American actor and filmmaker (born 1968)

Edward Fitzgerald Burns (born January 29, 1968) is an American actor and filmmaker. He rose to fame with The Brothers McMullen (1995), his low-budget independent film that was a worldwide success. His other film appearances include Saving Private Ryan (1998), The Holiday (2006), 27 Dresses (2008), Man on a Ledge (2012), Friends with Kids (2012), and Alex Cross (2012).

Burns has directed films such as She's the One (1996), Sidewalks of New York (2001), and The Fitzgerald Family Christmas (2012). On television, he has appeared as Bugsy Siegel in the TNT crime drama series Mob City and as Terry Muldoon in TNT's Public Morals.

==Early life==
Burns was born in Woodside, Queens, New York, the son of Edward J. Burns, a police officer and public relations spokesman, and Molly (née McKenna), a federal agency manager. He was raised a Roman Catholic. Burns is the second of three children (with siblings Mary and Brian) and is of Irish and Swedish descent. He was raised in Valley Stream, New York, on Long Island.

==Career==
Burns got his start in the movie industry right after college as a production assistant on the Oliver Stone movie The Doors. While working at Entertainment Tonight, in his spare time he financed, produced, directed, and was featured in his first movie The Brothers McMullen, which was filmed mostly in his hometown of Valley Stream. Once he completed the movie, he was able to get a copy to Robert Redford after an ET junket interview for Quiz Show at the Rhiga Royal Hotel in Manhattan. Redford watched the film and helped it get accepted into the Sundance Film Festival, launching Burns' career.

In 1996, Burns wrote, directed, and was featured in the ensemble drama She's The One with Jennifer Aniston, Cameron Diaz and Amanda Peet, as well as in Sidewalks of New York in 2001.

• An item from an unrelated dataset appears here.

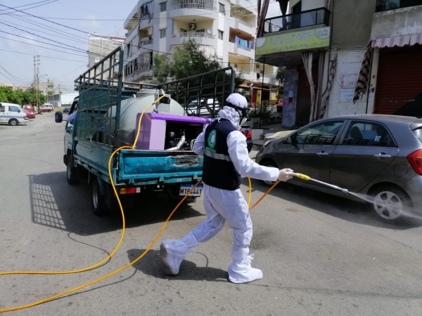 الهلال الأخضر رش و تعقيم منطقة وادي الزينة في وادي الزينة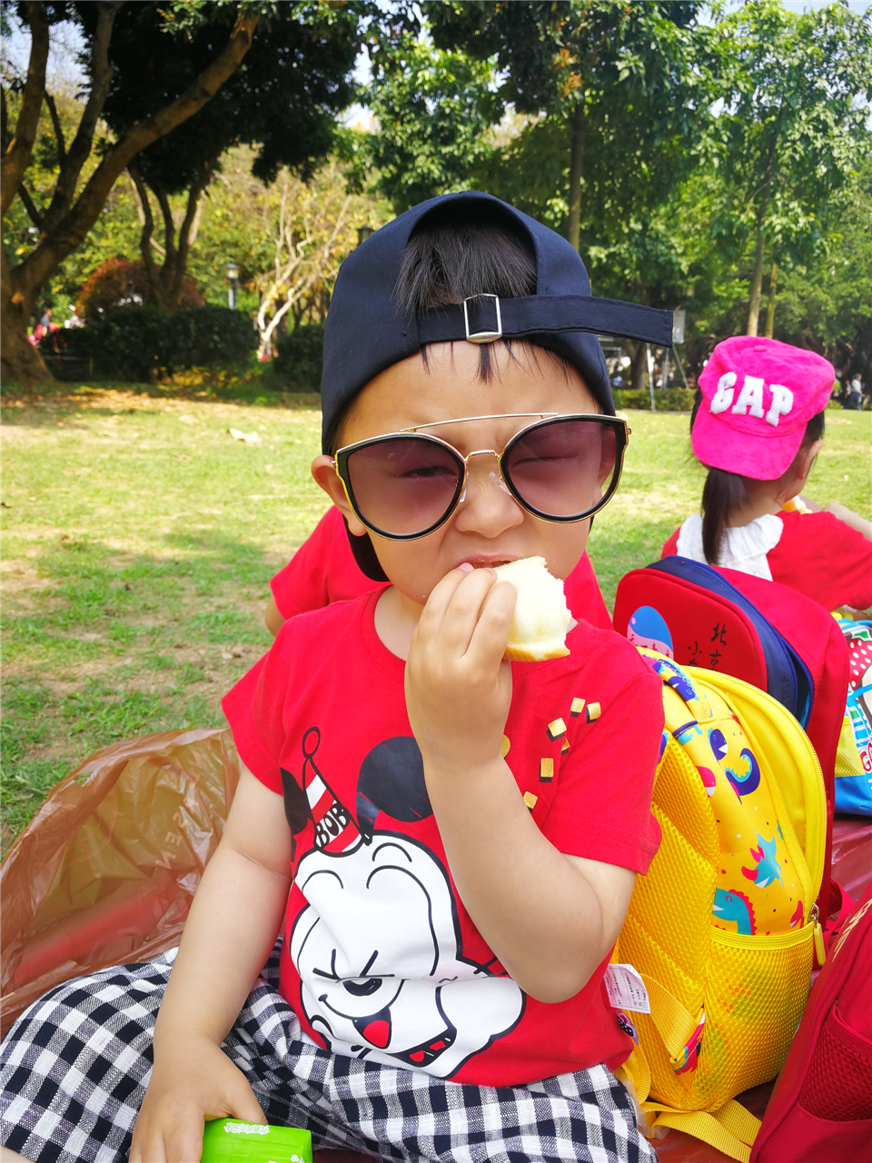 伴着和煦的春风,一路上孩子们有说有笑,不知不觉就到达了目的地,春游开始啦!我们先来拍一张集体照吧!卡,卡,卡……

As an actor, Burns appeared in the movies Saving Private Ryan (1998), Life or Something Like It (2002), and Confidence (2003). Looking for Kitty (2004), which Burns wrote, directed and starred in, was shot with a hand-held $3,000 digital Panasonic AG-DVX100 camera with a Mini35 adapter. The movie's entire budget was $200,000 and was filmed in New York City with a tiny crew and without standard permits. Burns discussed this unusual movie-making process in the director's commentary on the DVD and wrote in the Director's Letter, "If you are an aspiring filmmaker, in this day of inflating budgets and runaway production, the truth is you can make a movie for no money in New York ... and have a blast".

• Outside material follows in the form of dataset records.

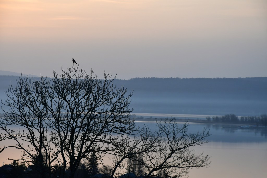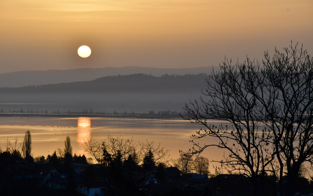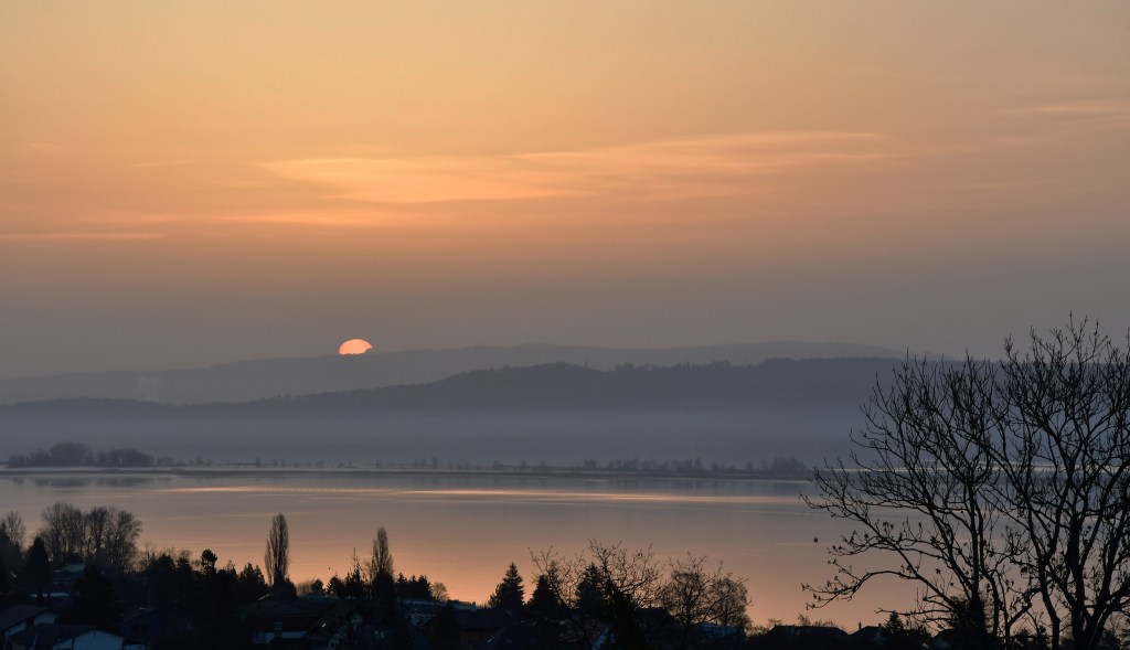 Les yeux encore brumeux, je quitte le plateau de Diesse et m’engage dans les lacets qui me mènent au vieux Bourg du Landeron. Je surplombe la cité. Il est 7h00 et à cette saison le soleil va bientôt se lever. Depuis quelques jours le ciel est empreint du sable du Sahara et apporte une note particulière aux couleurs du ciel. Je m’installe à côté d’un poulailler et j’attends. Et comme par magie, le voilà qui pointe le bout de son nez et du coup le coq se met à chanter…quelle symbiose.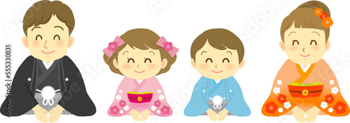 イラスト素材:着物姿の家族4人が新年のご挨拶を正座でする様子 にっこり目セット(透過背景)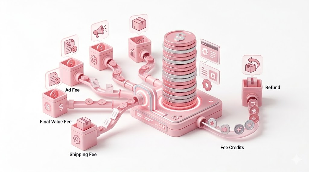 eBayは手数料や税代行徴収が先に引かれて着金することがあるので、入金だけ見ていると売上が過小になったり、手数料が漏れたりします。
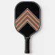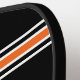 Stand out on court with a custom pickleball paddle! Personalise the template with your monogrammed initials and text — ideal for a player's name, team name, location, or a fun saying. This sports jersey style design features a retro block-style font, trendy script, and matching chevron colours on the reverse side. Perfect for all ages, including kids, teenagers, and adults. Custom paddles make a lovely unique gift for friends, family, and Pickleball enthusiasts! Colours: orange, black and white.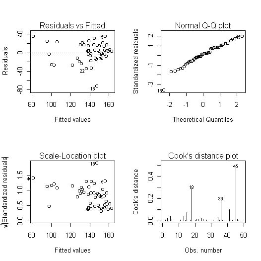 Residual standard error: 20.99 on 46 degrees of freedom Multiple R-Squared: 0.451, Adjusted R-squared: 0.4271 F-statistic: 18.89 on 2 and 46 DF, p-value: 1.024e-06 Correlation of Coefficients:

His movie Purple Violets premiered exclusively on iTunes on November 20, 2007. Burns began a series of guest appearances on the HBO original series Entourage midway through season 3, as well as appearing as Grace Adler's boyfriend in Will & Grace. In Entourage, Burns plays himself and is (within the context of the series) writing a new television show in which Johnny Drama is able to acquire a part. In 2007, Burns announced plans to partner with Virgin Comics to create a series entitled Dock Walloper. Burns planned to use the comic series as a springboard to a movie of the same story.

In March 2009, a series of short movies called The Lynch Pin written and directed by Burns (who was also in the cast) were released via the internet.

With the modest success of Purple Violets, Burns considered taking a studio directing assignment to make money. After reading scripts and attending meetings, he chose to remain an independent writer/director. Burns next wrote Nice Guy Johnny and filmed it quickly with the RED One camera for a reported $25,000 with a small crew. Nice Guy Johnny premiered at the Tribeca Film Festival in 2010.

To coincide with the 10th anniversary of the Tribeca Film Festival in 2011, Burns wrote Newlyweds, which he also directed and starred in. Conforming to a model similar to Nice Guy Johnny, Newlyweds was filmed in 12 days for $9,000 with a Canon 5D camera and an even smaller crew. The movie premiered at the Tribeca Film Festival in 2011 as the closing night film. Burns claimed on Twitter that the $9,000 budget was "5k for actors, 2k insurance, 2k food and drink. 9k in the can." In 2013, Burns featured as real-life gangster Bugsy Siegel in Frank Darabont's miniseries Mob City.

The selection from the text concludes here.